Other Health Concerns
Some of the hereditary health problems that are associated with Persians are:
- Polycystic Kidney Disease- This disease is the deterioration of the kidneys and ultimately leads to kidney dysfunction
- Bladder Stones- When a cat’s urine becomes less acidic, crystals form and collect together in the bladder causing stones.
- Cystitis (bladder infections)- The bladder infections can be caused by bladder stones that cause damage to the urethra walls and also to the kidney.
- Progressive Retinal Atrophy- PRA can begin in kittens as young as four to eight weeks old, and can cause blindness as soon as fifteen weeks.
- Liver Shunts- Shunts are a common birth defect. It’s an abnormal blood vessel that ultimately impairs the cat’s liver.
Honest breeders would be working hard to ensure that any of these genetic health issues are not passed down through their breeding lines.
Persian Temperament- Are Persian Cats Lazy?
Though Persian kittens can be playful, they eventually grow to become a piece of the furniture. Yes, they can be very lazy.
Their laziness is something that some owners are relying on, as they don’t want to suffer the woes of chasing around a hyperactive destroyer of curtains. Their mellow temperament is also why they’re not generally fond of small children or hyper dogs.

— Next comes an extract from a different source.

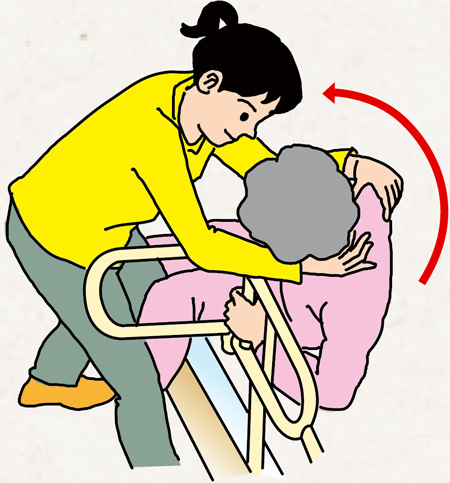 介助者は両足を前後に大きく開いて腰を落とし、両腕を腰に回す。介助される人の両腕を、介助者の肩に回してもらう。介助者は引くように体重を足に移動させる。
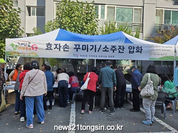 (뉴스21통신) 최우성기자 = 대구 수성구 지산1동 우리마을 교육나눔 추진위원회(추진위원장 김은실)는 지난 26일에 열린‘지산골 함께해효(孝) 축제’에서 효자손 꾸미기와 압화 소주잔 만들기 프로그램을 진행했다.

While they’re not an active cat, they tend to become annoyed with abnormal or excessive activity. Many will head for the hills when any boisterous company arrives.
They are sweet-hearted, loving cats when they’re in their element. That element could be no more than sitting on your lap for as long as you’re willing to sit still.
Yes, they’re ugly but cute. Why are Persians ugly? The truth of it is, they’re ugly because of us.
People made them that way; people made their shovel faces preferred; people have placed this breed in high regard because of that face ever since.
Without the popularity of this characteristic, breeders would have reverted all Persians to its doll-face appearance without any competition or gripes long ago.